In [16] an exponential decay result was proved for this problem with one end fixed (\(w(0,t)=\psi(0,t)=s(0,t)=0\), \(t>0\)) and \(\psi (1,t)-w_{x}(1,t)=u_{1}(t)\), \(s_{x}(1,t)=0\), \((3s_{x}-\psi _{x})(1,t)=u_{2}(t)\), \(t>0\) at the other end. They adopted the boundary control
$$ u_{1}(t)=k_{1}w_{t}(1,t),\qquad u_{2}(t)=-k_{2} ( 3s_{t}-\psi_{t} ) (1,t) $$
and assumed that \(r_{1}:=\frac{G}{\rho}\neq\frac{D}{I_{\rho }}=:r_{2}\) and \(k_{i}\neq r_{i}\), \(i=1,2\). Moreover, they checked that the damping present in the third equation alone is not able to stabilize the structure in an exponential manner.
Under different boundary controls, namely
$$ \psi(0,t)-w_{x}(0,t)=-k_{1}w_{t}(0,t)-w(0,t),\qquad 3s_{x}(1,t)-\psi _{x}(1,t)=-k_{1} \xi_{t}(1,t)-\xi(1,t), $$
the authors in [17] proved an exponential stabilization of the system provided that the ‘dominant’ part of the closed loop system is itself exponentially stable.
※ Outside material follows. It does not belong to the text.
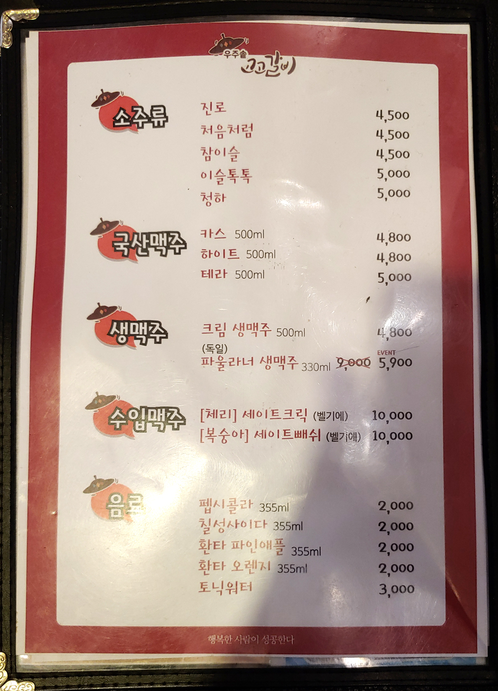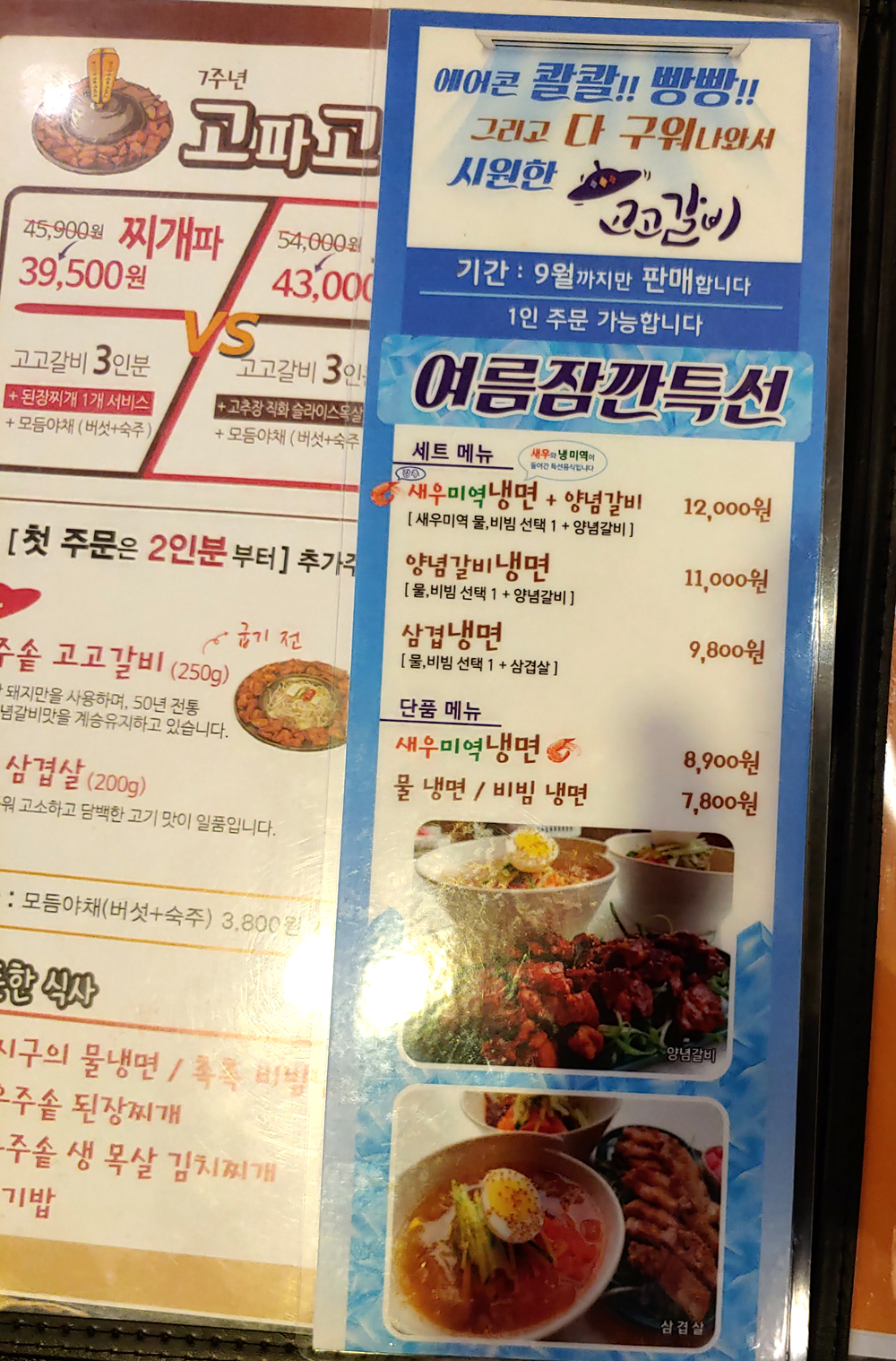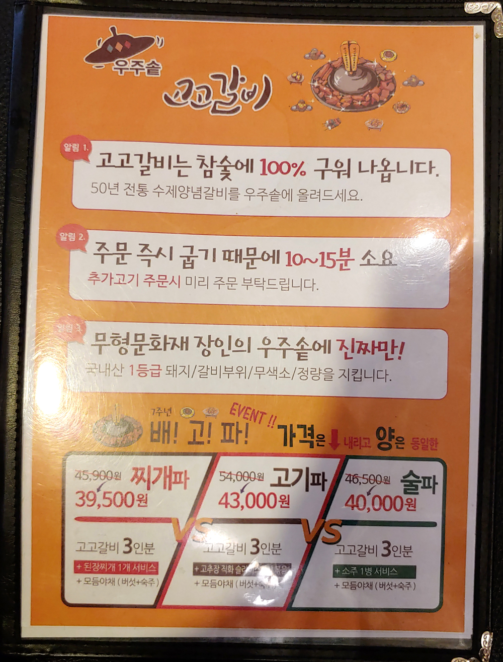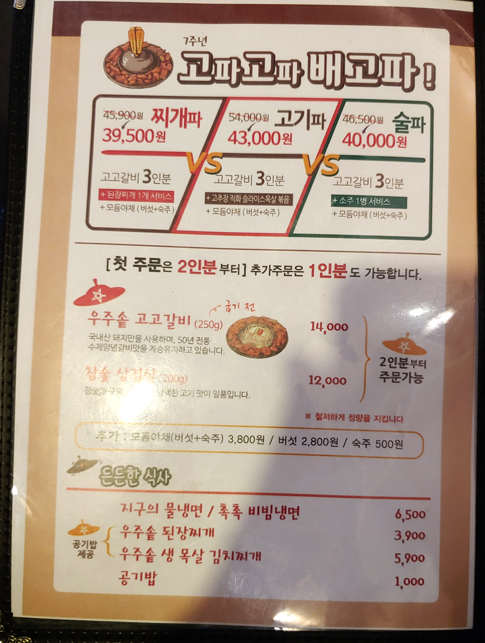 고고갈비 찌개파 메뉴와 G7와인을 마셨습니다.

Since then, it seems that the subject remained dormant. We would like to bring back to life this matter of treating, in a more adequate fashion, structures for which the amount of slip is considerable.

We discuss here the same model and boundary conditions as in [16]. We prove an exponential stabilization result without assuming the conditions \(r_{1}:=\frac{G}{\rho}\neq\frac{D}{I_{\rho}}=:r_{2}\) and \(k_{i}\neq r_{i}\), \(i=1,2\). These conditions are dropped, and instead we will assume that \(\rho G< I_{\rho}\). Our approach is different from the one used in [16]. Namely, we will consider the system
$$ \left \{ \textstyle\begin{array}{@{}l} \rho w_{tt}+G ( \psi-w_{x} ) _{x}=0, \\ I_{\rho} ( 3s_{tt}-\psi_{tt} ) -G ( \psi-w_{x} ) - ( 3s-\psi ) _{xx}=0, \\ I_{\rho}s_{tt}+G ( \psi-w_{x} ) +\frac{4}{3}\gamma s+\frac {4}{3}\beta s_{t}-s_{xx}=0 \end{array}\displaystyle \right . $$
(1)
for \(x\in(0,1)\), \(t>0\), with the boundary conditions
$$ \left \{ \textstyle\begin{array}{@{}l} w(0,t)=\psi(0,t)=s(0,t)=0, \\ (\psi-w_{x})(1,t)=k_{1}w_{t}(1,t), \qquad s_{x}(1,t)=0,\\ ( 3s-\psi ) _{x}(1,t)=-k_{2} ( 3s-\psi ) _{t}(1,t) \end{array}\displaystyle \right . $$
(2)
for \(t\geq0\).
The well-posedness follows easily from a slight modification of the arguments in [16, 17] (see also references in [1]). We have weak solutions in \(( V_{\ast}^{1}\times L^{2} ) ^{3}\) and strong solutions in \(( V_{\ast}^{2}\times H^{1} ) ^{3}\), where
$$ V_{\ast}^{k}= \bigl\{ v:v\in H^{k}(0,1):v(0)=0 \bigr\} , \quad k=1,2. $$
We shall focus here on the asymptotic behavior of solutions and in particular on the exponential stabilization of the system.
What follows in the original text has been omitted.